## YOUR GOAL:
Reproduce the records below exactly, leaving out any pictures.

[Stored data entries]
*** Block opens ***

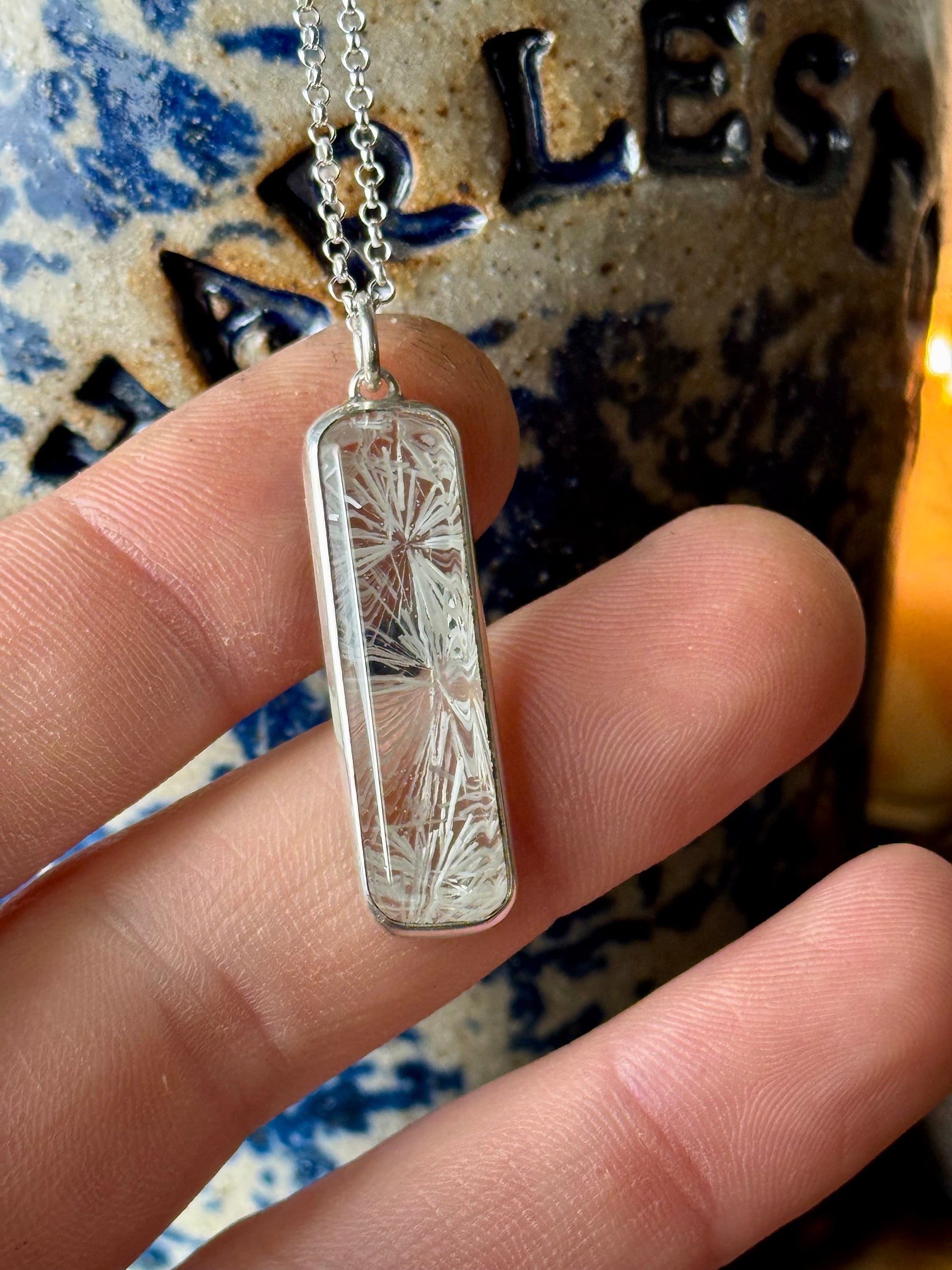 This artisan crafted necklace includes a 20 inch sterling silver chain.
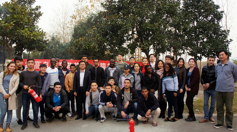 On 15th November afternoon, Campus Safety & Security Department and College of Overseas Education jointly held the fire safety knowledge and exercise activities for international students. Nanjing city pukou public security fire brigade deputy captain CHEN Chu , Campus Safety & Security Department Director Mr. CAI Haibiao, College of Overseas Education vice dean Mr. LUO Xiaochun, international students also participated this activities as well.
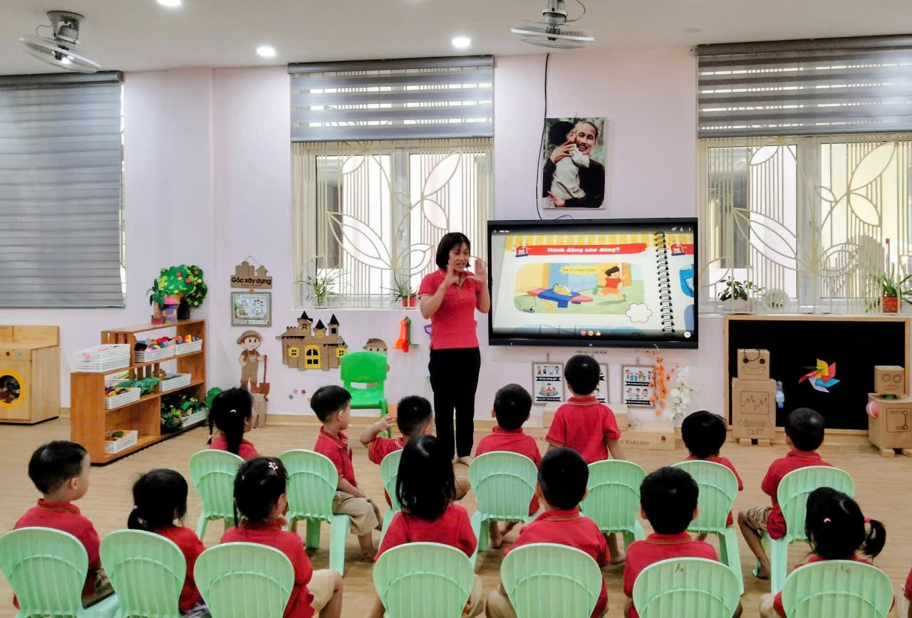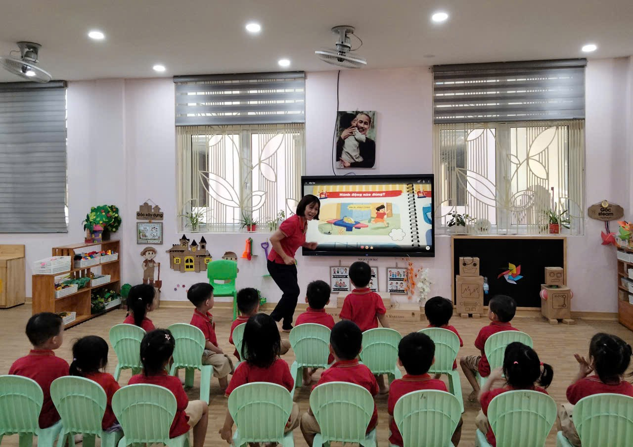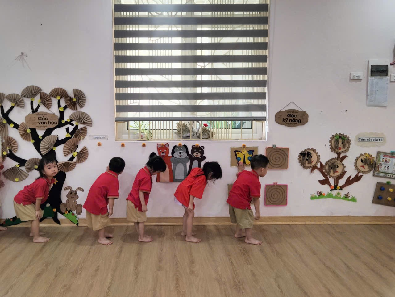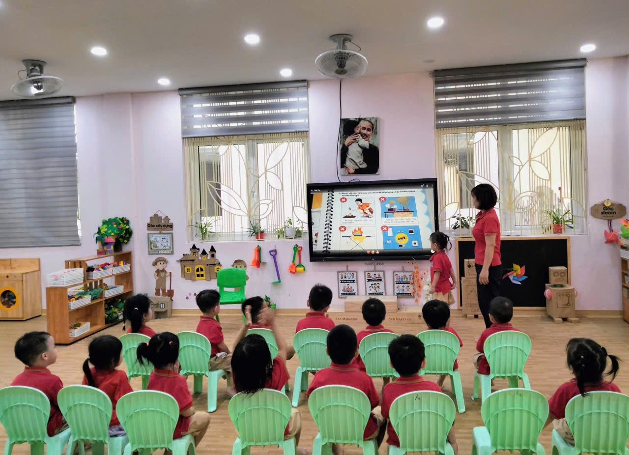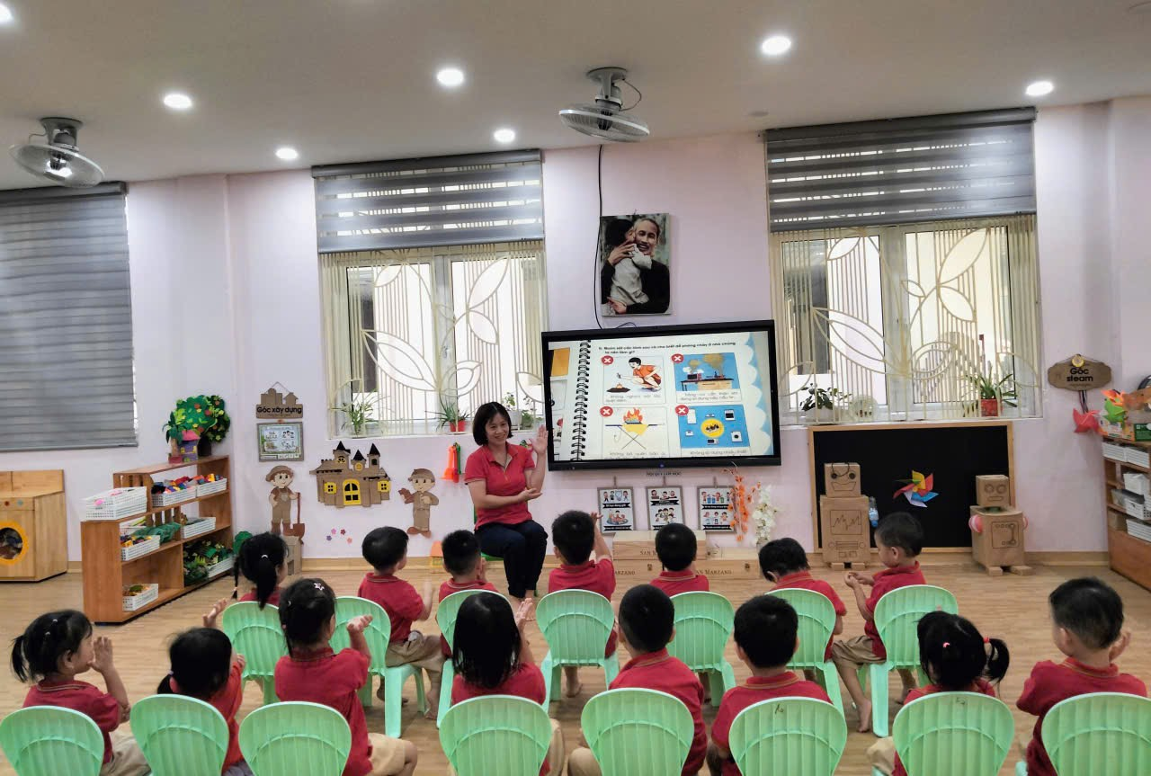 Ngay từ những ngày đầu quay trở lại trường học, các con không chỉ tiếp thu kiến thức qua các hoạt động học học như: làm quen với toán, làm quen văn học, làm quen với âm nhạc, phát triển vận động, khám phá… mà các con con được tham gia vào các hoạt động rèn kỹ năng sống.
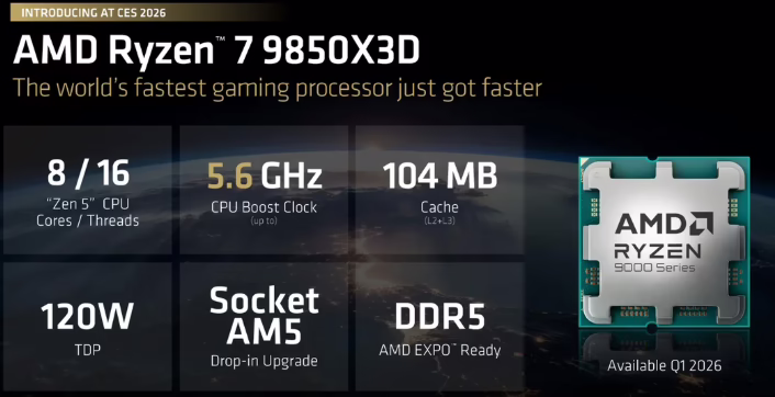 Ryzen 7 9850X3D 在 CES 2026 正式亮相,維持 8 核心 16 執行緒、120W TDP 的架構,並把最高 Boost 時脈推到 5.6GHz,相較 9800X3D 的 5.2GHz 增加 400MHz。AMD 也用多款遊戲(如 Baldur’s Gate 3)對比 Intel 的 Core Ultra 9 285K,喊出最高可達 60% 的領先幅度,明確把它定位成「更快的遊戲神 CPU」。
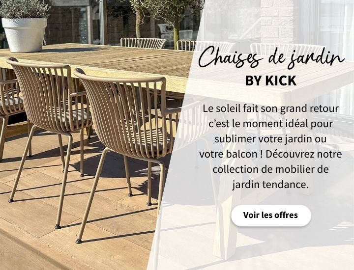 Les chaises de jardin de la collection KICK sont conçues pour une utilisation extérieure durable et leur design s'harmonise avec tous les jardins et balcons. Que votre espace extérieur soit de style moderne, industriel ou champêtre, notre collection vous propose des modèles confortables et résistants aux intempéries. Découvrez nos chaises de jardin pivotantes, nos fauteuils baquets et nos tabourets de bar dans des coloris tendance comme le beige, le noir, le blanc et le jaune.
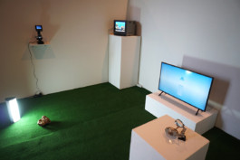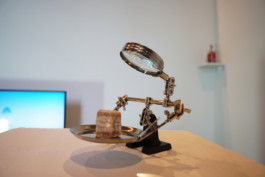 3d animation, sound, windows XP aquarium screensaver, IBM ThinkPad, helping third hand magnifier, rock salt, microscope, algae, salt water, electric wire cable, SAD lamp, rock, artificial grass. 2020
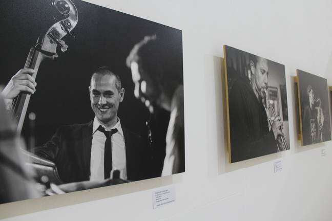 La exposición fotográfica '10 años de Jazzolontia, un sueño hecho realidad' podrá visitarse en el Teatro moguereño hasta el 5 de noviembre.

*** Block closes ***

## ANSWER TO THIS PROBLEM:
 This artisan crafted necklace includes a 20 inch sterling silver chain.
 On 15th November afternoon, Campus Safety & Security Department and College of Overseas Education jointly held the fire safety knowledge and exercise activities for international students. Nanjing city pukou public security fire brigade deputy captain CHEN Chu , Campus Safety & Security Department Director Mr. CAI Haibiao, College of Overseas Education vice dean Mr. LUO Xiaochun, international students also participated this activities as well.
 Ngay từ những ngày đầu quay trở lại trường học, các con không chỉ tiếp thu kiến thức qua các hoạt động học học như: làm quen với toán, làm quen văn học, làm quen với âm nhạc, phát triển vận động, khám phá… mà các con con được tham gia vào các hoạt động rèn kỹ năng sống.
 Ryzen 7 9850X3D 在 CES 2026 正式亮相,維持 8 核心 16 執行緒、120W TDP 的架構,並把最高 Boost 時脈推到 5.6GHz,相較 9800X3D 的 5.2GHz 增加 400MHz。AMD 也用多款遊戲(如 Baldur’s Gate 3)對比 Intel 的 Core Ultra 9 285K,喊出最高可達 60% 的領先幅度,明確把它定位成「更快的遊戲神 CPU」。
 Les chaises de jardin de la collection KICK sont conçues pour une utilisation extérieure durable et leur design s'harmonise avec tous les jardins et balcons. Que votre espace extérieur soit de style moderne, industriel ou champêtre, notre collection vous propose des modèles confortables et résistants aux intempéries. Découvrez nos chaises de jardin pivotantes, nos fauteuils baquets et nos tabourets de bar dans des coloris tendance comme le beige, le noir, le blanc et le jaune.
 3d animation, sound, windows XP aquarium screensaver, IBM ThinkPad, helping third hand magnifier, rock salt, microscope, algae, salt water, electric wire cable, SAD lamp, rock, artificial grass. 2020
 La exposición fotográfica '10 años de Jazzolontia, un sueño hecho realidad' podrá visitarse en el Teatro moguereño hasta el 5 de noviembre.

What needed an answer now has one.